Robots That Show Their Softer Side
Inside a former organ factory in San Francisco, Della Shea is building a robot with a sewing machine. She works for Pneubotics, one of a growing number of startups designing softer automatons capable of flexible movements—and, perhaps, daily interaction with humans. “Right now our process looks more like tailoring than engineering,” says Pneubotics co-founder Saul Griffith, pointing to the thick vinyl material on the sewing machine operated by Shea, whose official title is “sewboticist.”
Many of tomorrow’s robots may have more in common with beanbag chairs and bouncy houses than the hulking industrial arms in factories today. Breakthroughs in the nascent field of soft robotics, in which steel skeletons and power-hungry motors make way for textiles, are beginning to move from the laboratory to the startup world. Imagine an octopuslike robot that can squirm through rubble at a disaster site but has the strength to pull bricks off an injured person. Or a machine that can safely place an elderly person in bed.

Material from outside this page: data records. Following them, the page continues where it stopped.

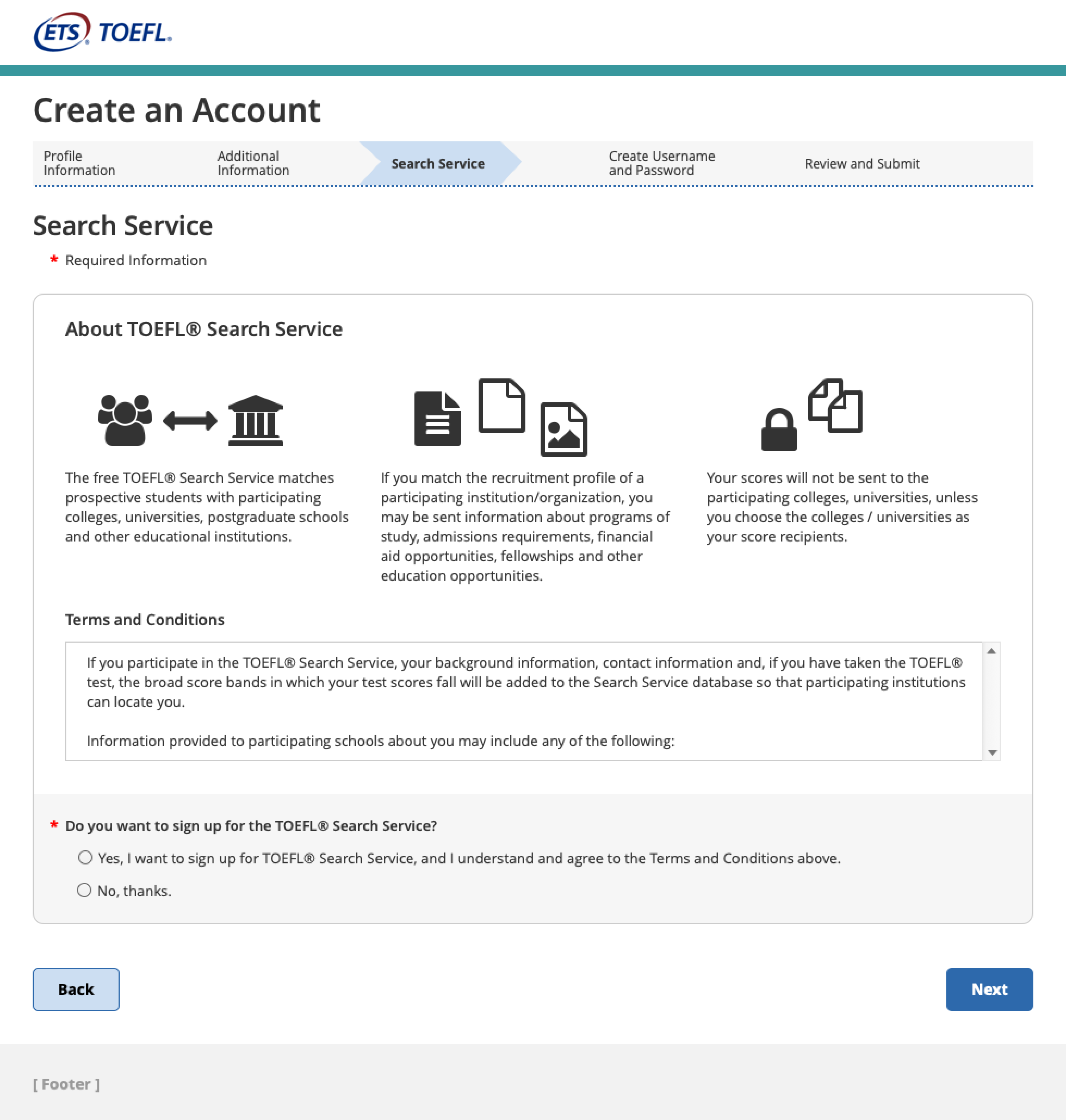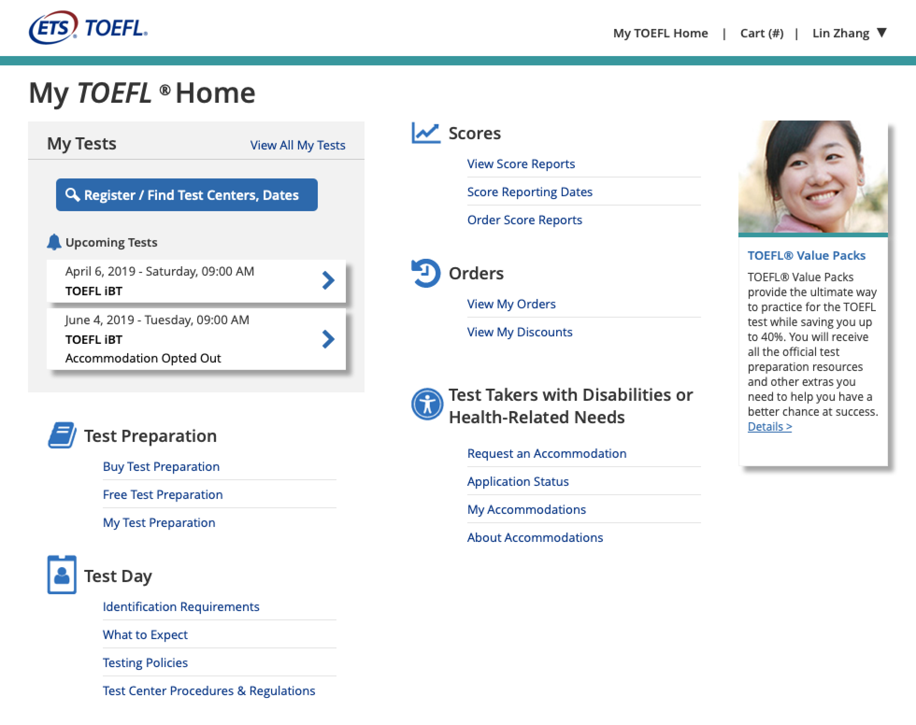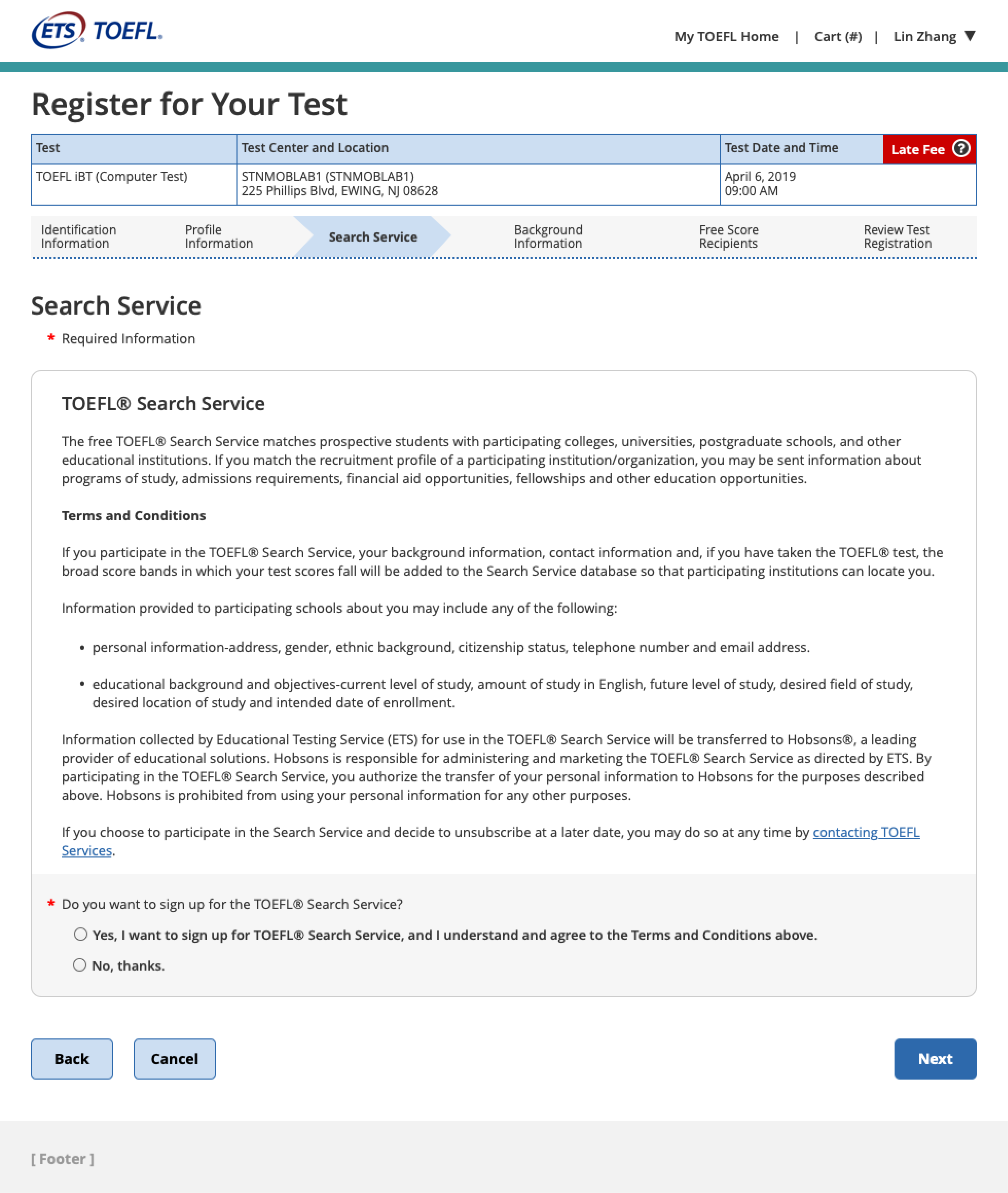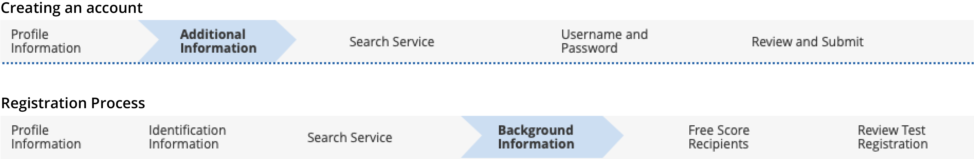 The redesign for the registration system is based on the following products: GRE, TOEFL, PRAXIS, and HiSet. We performed round 1 usability testing (pre-design) for GRE and did extensive research for all registration systems. The TOEFL exam has large international user base, which made it the most complex. To initiate the process we started redesigning the TOEFL Registration system. The redesign will lead to the other products upon completion. This will then allow the goal for”MY ETS” to launch where users can use one login for all products under the ETS umbrella.
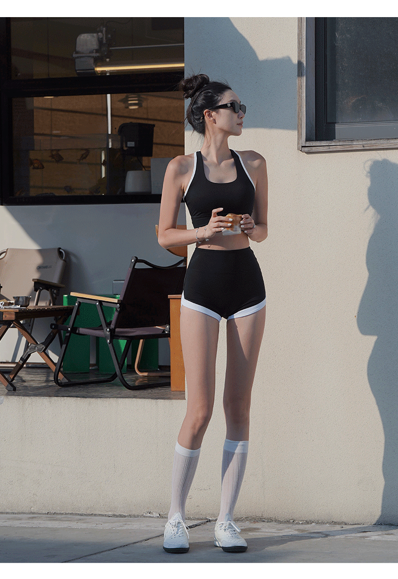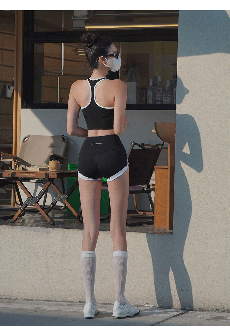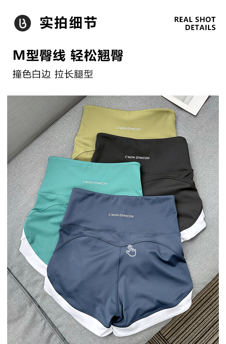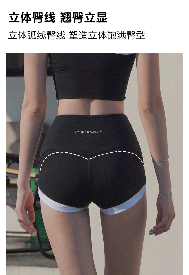 beemen瑜伽短裤女夏高腰提臀紧身速干运动健身裤跑步蜜桃三分裤薄
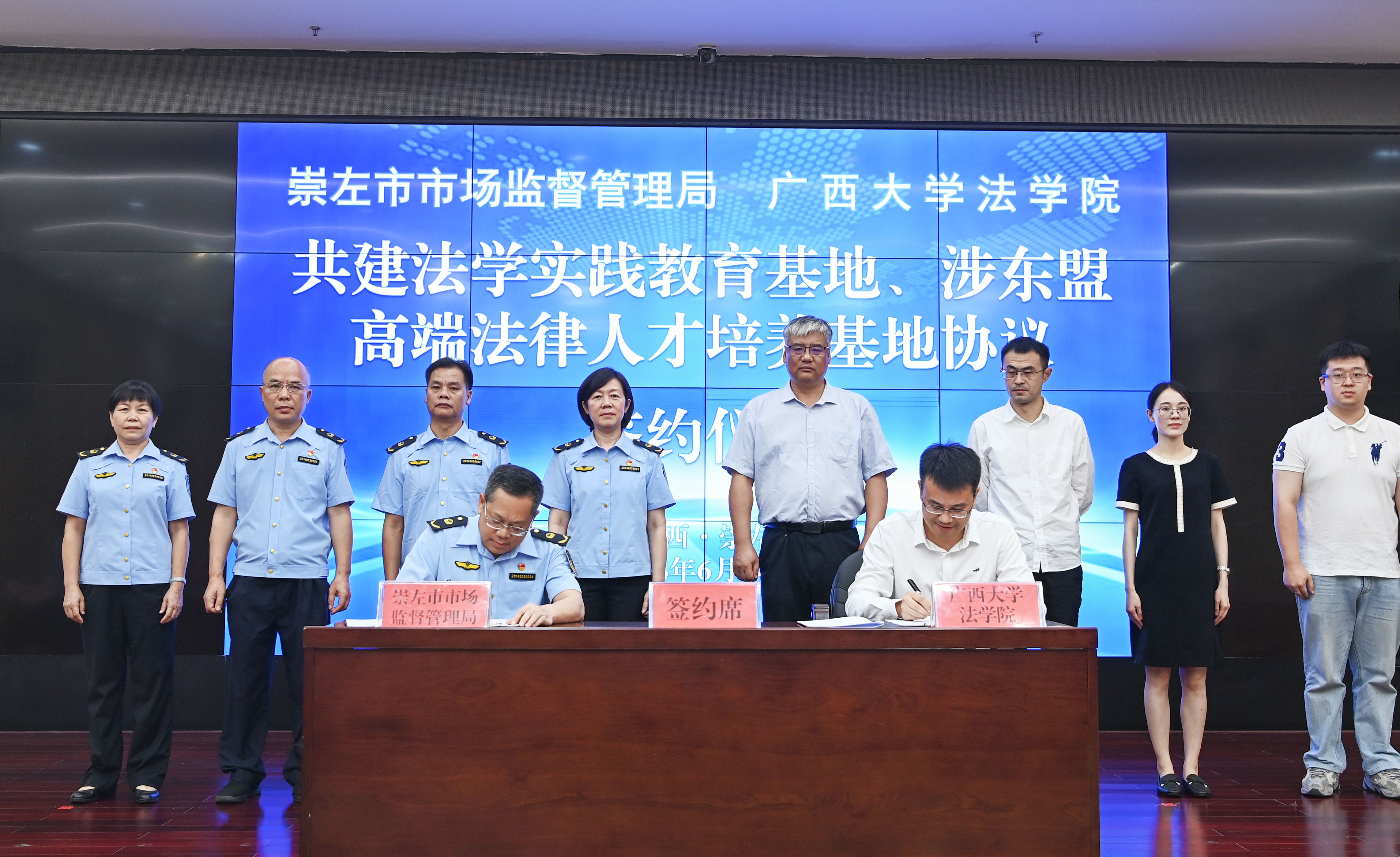 6月14日,公司分别与崇左市市场监督管理局、司法局签订共建EMC易倍官方网站“法学实践教育基地”及“涉东盟高端法律人才培养基地”协议并举行合作交流座谈。
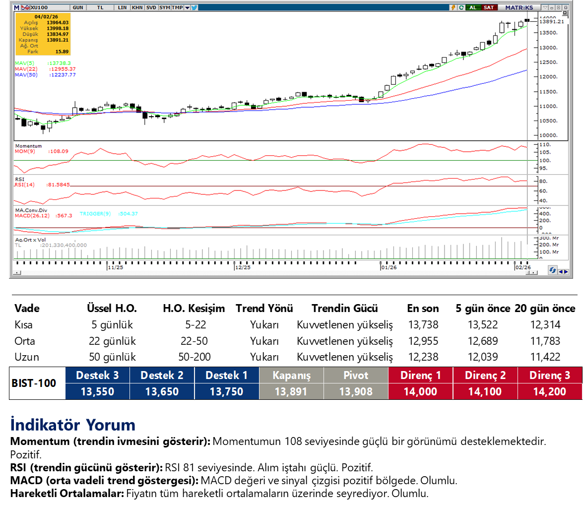 Borsa İstanbul’da, dün 13.900 / 14.000 direnç bölgesi bir kez daha test edilirken beşinci gününde de aşılamadı ve endeks günü sadece %0.11 artışla 13891.21 puandan tamamladı. Dün endekse en fazla pozitif katkı sağlayan ilk beş şirket KLRHO, ASELS, BIMAS, ASTOR, DSTKF; endekse negatif etki edenler ise AKBNK, YKBNK, TUPRS, ISCTR, SAHOL oldu. Son bir haftada düzenli para girişi ile dikkat çeken şirketler ise MGROS, VAKBN, GUBRF, SASA, FROTO, ARCLK, TTKOM, TAVHL ve ALARK. Teknik açıdan, 13.900 / 14.000 bandı ilk direnç alanı olarak kalmayı sürdürüyor. Destekler ise sırasıyla 13.830, 13.580 ve 13.390.
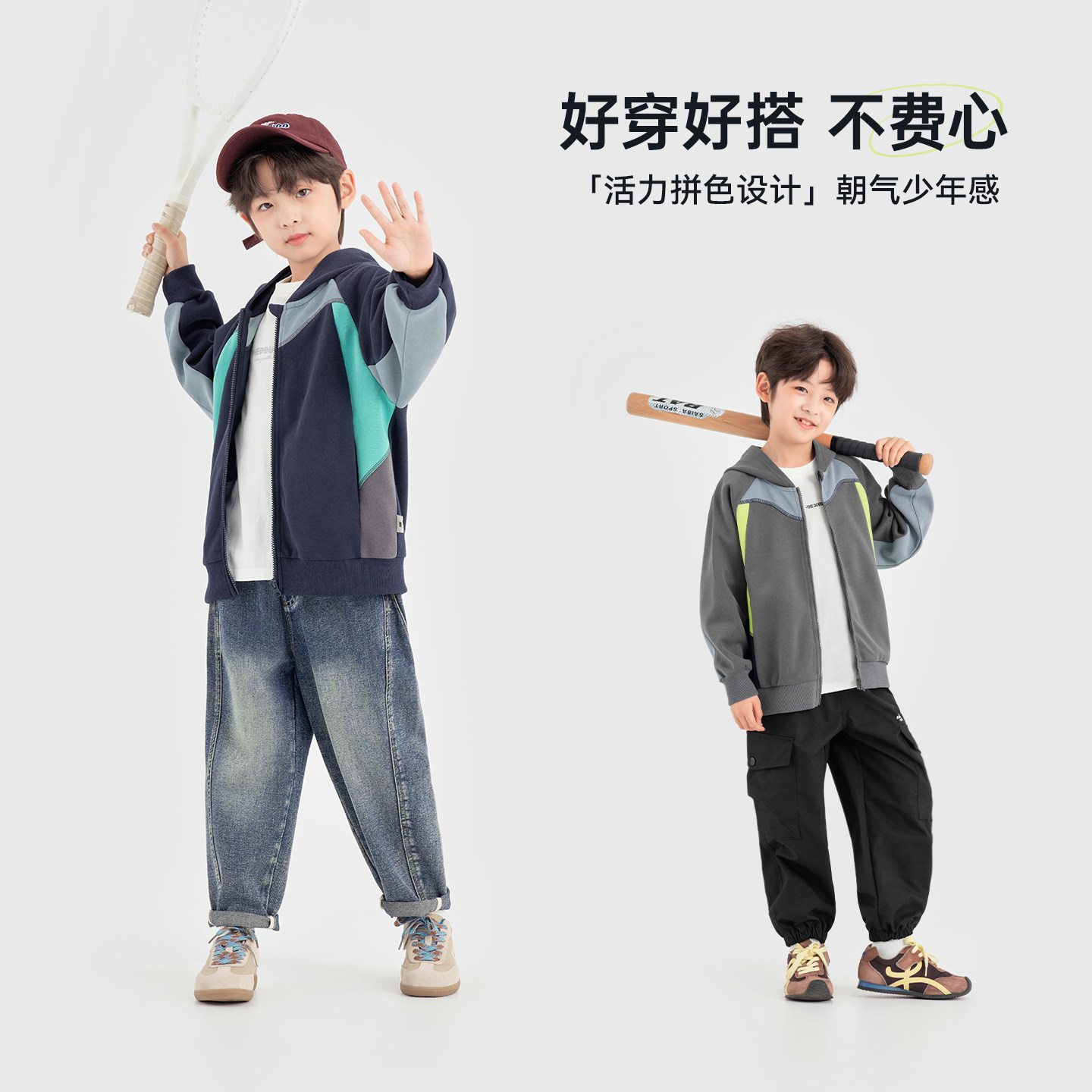 多多家男童外套卫衣2026春装新款春秋儿童撞色男孩休闲洋气上衣潮
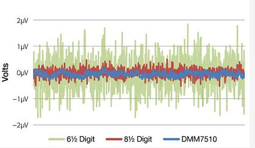 高靈敏度可讓 DMM7510 測量低的電壓、電流和電阻,并檢測微小變化和信號漂移。
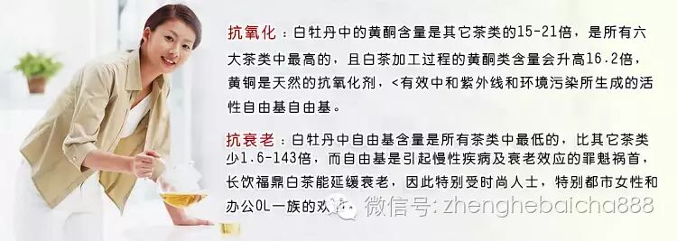 ? ? 白茶茶多酚含量高達157mg/g,具有很好的抗輻射功效,茶多酚被健康及醫(yī)學(xué)界譽為“輻射克星”和最好的清除自由基物質(zhì),據(jù)茶界泰斗陳椽教授研究表明六大茶類中白牡丹茶葉鮮葉的兒茶素多酚類總量最高,其抗輻射防衰老效應(yīng)達維生素E十倍,并由延緩心肌紫褐素生成之功,能大幅度降低太陽和電器等輻射的危害,因此福鼎白茶特別受現(xiàn)代時尚人士,都市女性和辦公OL一族的青睞。
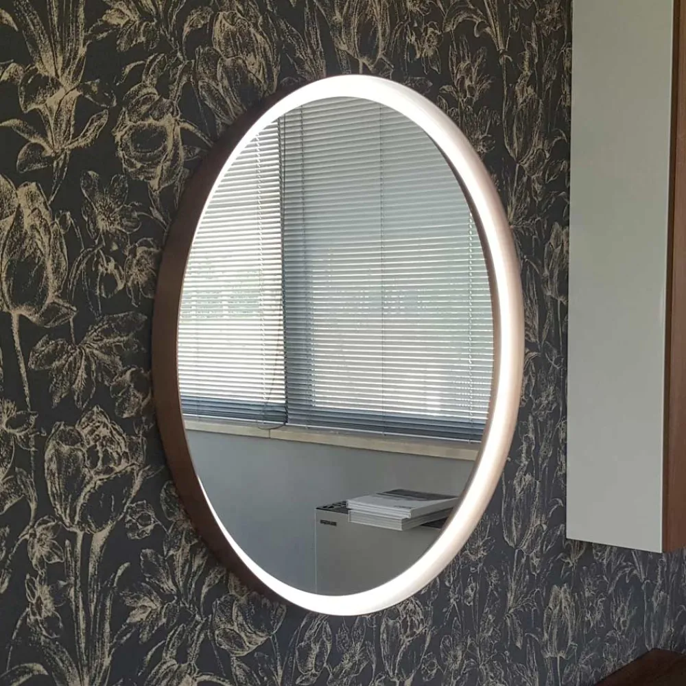 Runder Wandspiegel mit Metallrahmen in 4 Ausführungen und LED-Licht, hergestellt in Italien.
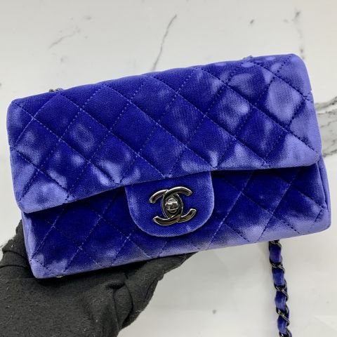 Chanel No.20 Mini Rectangle Blue Velvet Classic Flap Bag
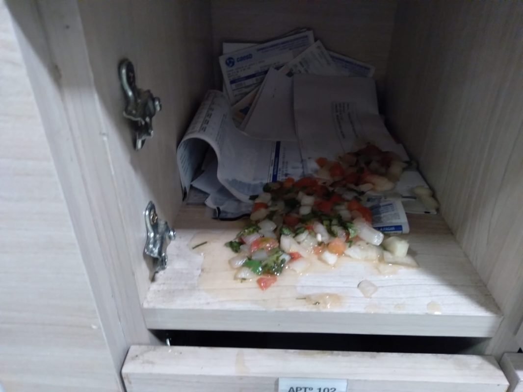 A situação, no entanto, piorou nos últimos dois meses. “Acho que na segunda ou no domingo, não sei, ele fez uma pichação grande me xingando de “piranha” próximo aos escaninhos. Ele colocou preservativos, inclusive aparentemente usados. Coloca comida estragada. Ele serrou o escaninho, além de ter cortado em duas partes a porta”, conta a administradora do edifício.
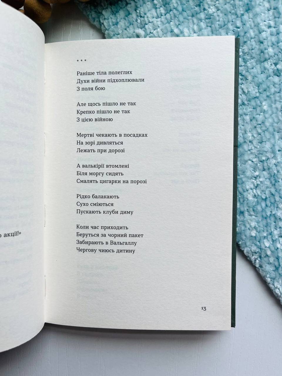 Живі та мертві, валькірії та духи війни, забутий Бог і втомлений Сатана. Ті, що чекають, і ті, кого вже ніхто не дочекається. Смерть, яка ховається просто під ліжком. Поранені, кава, турнікети, миші в окопах. Дні, схожі один на одного, як близнюки. «Нема ніякої долі. Не було ніякої змови. Просто деякі люди народились. Просто деяких людей не стало».

Several companies are working on these problems, frequently working from research sponsored by the U.S. Defense Advanced Research Projects Agency (Darpa), the Pentagon arm that seeks and funds futuristic technology. “Soft robotics has the potential to influence all kinds of robotic and machine design,” says Gerald Van Hoy, an analyst at market research firm Gartner. “It’s a key development in the evolution of robotics.”